Some dogs simply will not take a pill regardless of the meaty temptations wrapped around the outside. It may be the smell and taste of the medication, or the fact that your otherwise perfect dog is just plain stubborn. Instead of standing there with your arm out all day, there are some things you can do to speed along the process.
First, you should stop waving the food-coated pill in front of his tightly closed mouth and wait 30 minutes before trying again. The time lapse should “reset” his brain, allowing him to effectively forget how suspicious he was of the delicious treat the first time around.
If that doesn’t do the trick, then try covering the medication in coconut oil. This should resolve the issue if your dog simply doesn’t like the bitter taste of the pill itself. Some owners will even dip the pill in coconut oil first and then wrap it up in a treat listed above before offering it to their dog. This double-flavor whammy should eliminate any picky taste buds your little guy may have.
But if waiting and double-flavor wrapping the pill still doesn’t work…it may be time for a little extra help.
Dog Pill Gun
A dog pill gun (also known as a pill popper) is a vet-approved plastic apparatus that works as a syringe for solid medication. It’s fast, simple, and effective for the majority of pets who refuse to eat and/or require multiple medications per day.
Although using a pill gun to medicate your dog may sound extreme or traumatizing, it doesn’t have to be that way. Using a calm, gentle tone when talking to your dog is the key to keeping his anxiety away. When you are confident and calm, he is confident and calm.
Then, simply take the pill gun and place it inside your puppy’s mouth. The tip should be placed right at the entrance to your dog’s throat. Pet him gently as you release the medication into his throat. When you pull out the pill gun, check that the pill has been released and that your dog has swallowed thoroughly.
For a visual on the process, check out the video below.
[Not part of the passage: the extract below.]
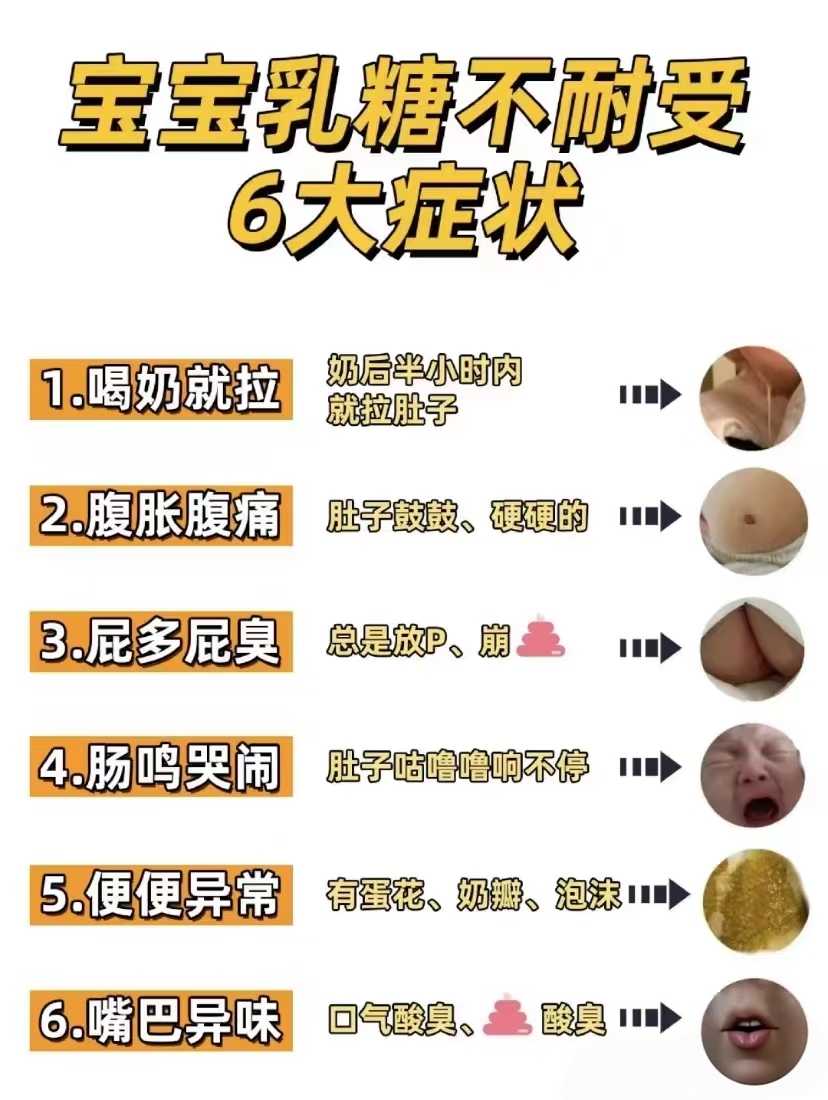 如果你家宝宝出现了以下情况,尤其是中了好几条,那大概率就是乳糖不耐受在作祟了:

How To Give Liquid Medication?
If your dog has been prescribed liquid medication, there are still some tips you can use to make the process easier. Most often, these types of medications are given by syringe. In order to avoid your dog inhaling the liquid, do not tilt back her head. Instead, simply slide the syringe between her teeth and cheek as closely to the back of her mouth as possible. Release the medication and hold her mouth closed as you remove the syringe. You may even stroke her throat or blow cool air on her nose while you are doing this to encourage swallowing.
The liquid medication can also be mixed into wet dog food if desired. Simply combine the liquid medication with half the amount of wet food your dog usually eats. This will ensure that she eats it all at once instead of getting full too quickly and leaving an immeasurable amount of medication behind in her bowl.
Although giving medication may seem like a stressful situation, it doesn’t have to be that way. Regardless of whether you roll the pill in a treat or stick it in a dog pill gun, using a calm and confident voice will help ease your dog’s anxieties. And a calm dog is much easier to medicate than an anxious one.
You should also always end the session with a treat for your canine. It can be a small lump of cheese, his favorite snack, or extra time outside. Not only will the treat make up for taking medication, but it will also build essential trust between you and your dog. This extra trust and understanding allows for easier medication administration in the future.